FBA is 𝑂(|𝑉||𝐸|), so implementing Algorithm 1 by naïvely looping over all the voxels can take a significant amount of time before the segmentation converges [6]. For example, running on a desktop computer (described in Section 2.6), SCAPE took 345 seconds (1229 iterations) to segment a brain MRI with 256 × 256 × 124 voxels. Three types of implementations were investigated to reduce the time needed for a segmentation. First, an attempt was made to accelerate SCAPE on a single processor. Second, an equivalent approach to SCAPE using Dijkstra’s algorithm was implemented on a single processor. Third, SCAPE was implemented on parallel processors.

2.4.1. SCAPE Implementation on CPU

Three improvements were investigated to reduce the time for SCAPE to converge while running on a single processor. First, the calculations were performed using single-buffering instead of the double-buffering that is commonly described for FBA (colloquially, “in-place” updates instead of “ping-pong”) [6, 13]. Using single-buffering, an updated distance propagates through other calculations in the same iteration, reducing the number of iterations required. Second, via Yen’s improvement, the order of the vertices (or edges) was reversed each iteration, allowing the propagation of updates to spread first one direction and then the other [16]. Third, a narrow-band approach was implemented in which the voxels were grouped into 8 × 8 × 8 “tiles” (size chosen heuristically). The calculations for a tile were skipped unless one or more vertices in that tile, or in the orthogonally adjacent (von Neumann neighbor) tiles, were updated in the previous iteration. These algorithmic changes do not affect the typical inductive proof of correctness for FBA, and extensive tests have resulted in equivalent results with and without these improvements.

2.4.2. Dijkstra’s Algorithm with Edges on CPU

The second implementation tested herein was Dijkstra’s algorithm on a single processor [17]. Like FBA, Dijkstra’s algorithm solves the single-source shortest-path problem, and so can segment images. Furthermore, Dijkstra’s algorithm is asymptotically the fastest known algorithm for graphs with unbounded nonnegative weights, 𝑂(|𝑉|log|𝑉|+|𝐸|), when coded using a priority queue.

The algorithm initially places all vertices in a priority queue based on the shortest known distance to each.

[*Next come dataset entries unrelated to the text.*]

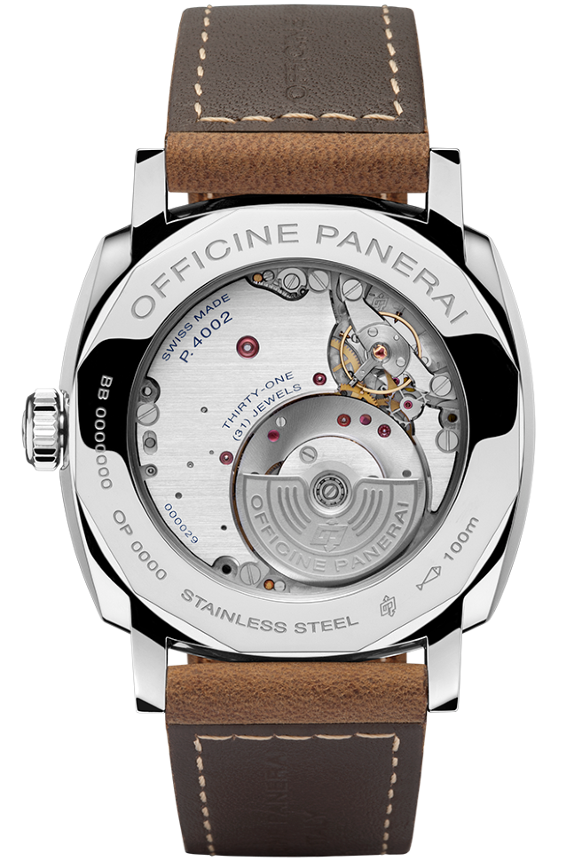 Классика на все времена - мужские часы, сдержанные и элегантные по дизайну, разработаны компанией Officine Panerai и адресованы истинным ценителям часового искусства. Модель является образцом представительности, элегантности и неповторимого изысканного стиля. Эти часы не только выполняют лишь функцию определения текущего времени, но оснащены индикатором второго часового пояса. Для любителей функциональных аксессуаров это настоящий подарок. Изготовленный из нержавеющей стали корпус часов, имеет размер 45 мм. Механизм с автоматическим подзаводом работает от амплитуды движения руки. Часы предназначены для того, чтобы в них плавали и имеют водонепроницаемость 100 м. Циферблат закрыт прозрачным антибликовым стеклом из сапфирового хрусталя высокой прочности, благодаря чему обеспечивается максимальная защита от сколов и механических повреждений. Из сапфирового хрусталя сделана и задняя крышка, которая дает возможность воочию увидеть детали механизма и вносит нотку неординарности. из натуральной кожи с простой стальной застежкой превосходно дополняет изысканный образ модели. Второй часовой пояс. Калибр P.4002. Запас хода до 72 часов. Индикатор запаса хода. Циферблат черный. Задняя крышка прозрачная.
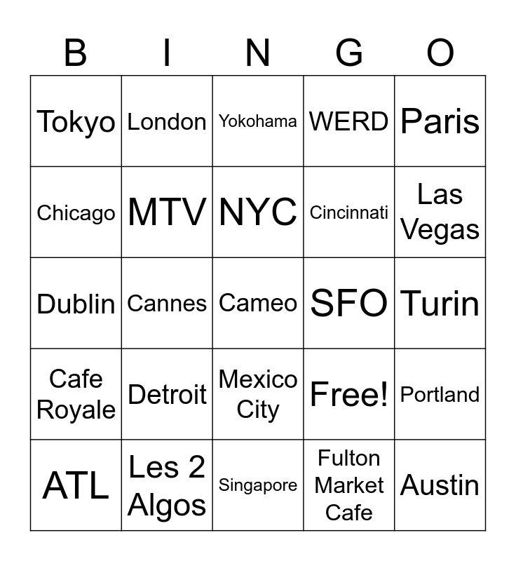 This bingo card has 25 words: Detroit, Singapore, NYC, ATL, Paris, Tokyo, Chicago, London, SFO, Mexico City, Cincinnati, Dublin, Free!, Portland, MTV, Austin, Turin, Yokohama, Las Vegas, Cannes, Cameo, Les 2 Algos, Cafe Royale, WERD and Fulton Market Cafe.
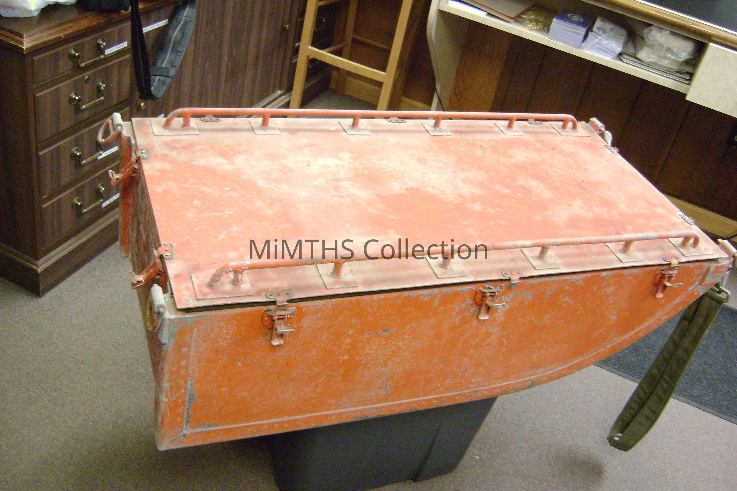 US Air Force Aerial Delivery Sled Emergency Survival Kit. Dated 1956. Type A-16. Made by National Light Metals & Plastic Corp Caro, Mich.
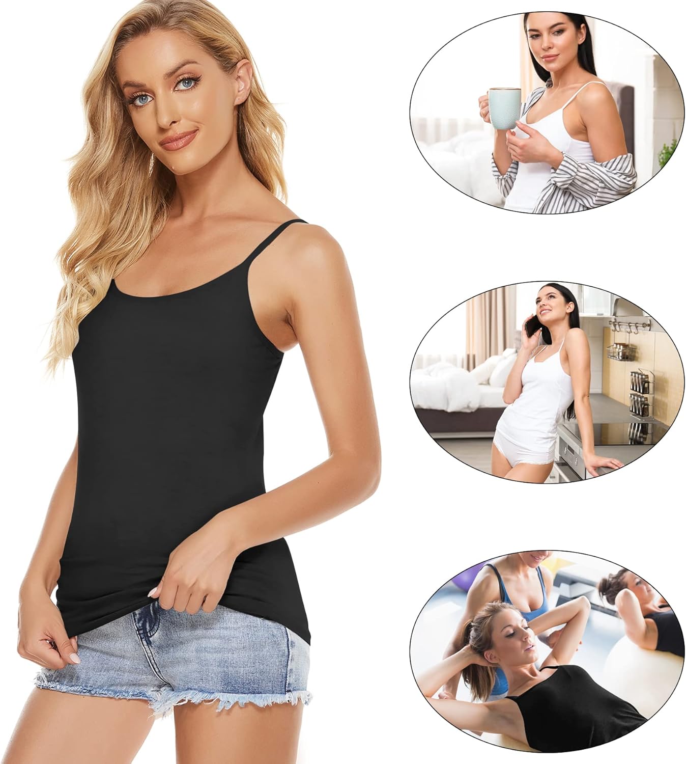 BQTQ 6 Stück Unterhemd Damen Spaghetti Top Unterhemd Spaghettiträger mit Verstellbarer Strap Basic C

Iteratively, the queued vertex with the shortest distance is removed from the queue, and its graph neighbors’ shortest distances and labels are updated (as in Algorithm 1, lines 8–12). Thus, a given edge is used in a single calculation, and as soon as a vertex’s shortest distance is known it leaves the queue and is not needed for further calculations.

The algorithm has two traits that reduce its suitability for interactive segmentation. First, Dijkstra’s algorithm is not conducive to user corrections during a segmentation. Once a vertex is removed from Dijkstra’s priority queue, its distance is not updated unless the algorithm is reinitialized. Second, the algorithm is not clearly parallelizable due to its reliance on the priority queue, though multiple processors can provide some benefit, for example, Delta-Stepping [18].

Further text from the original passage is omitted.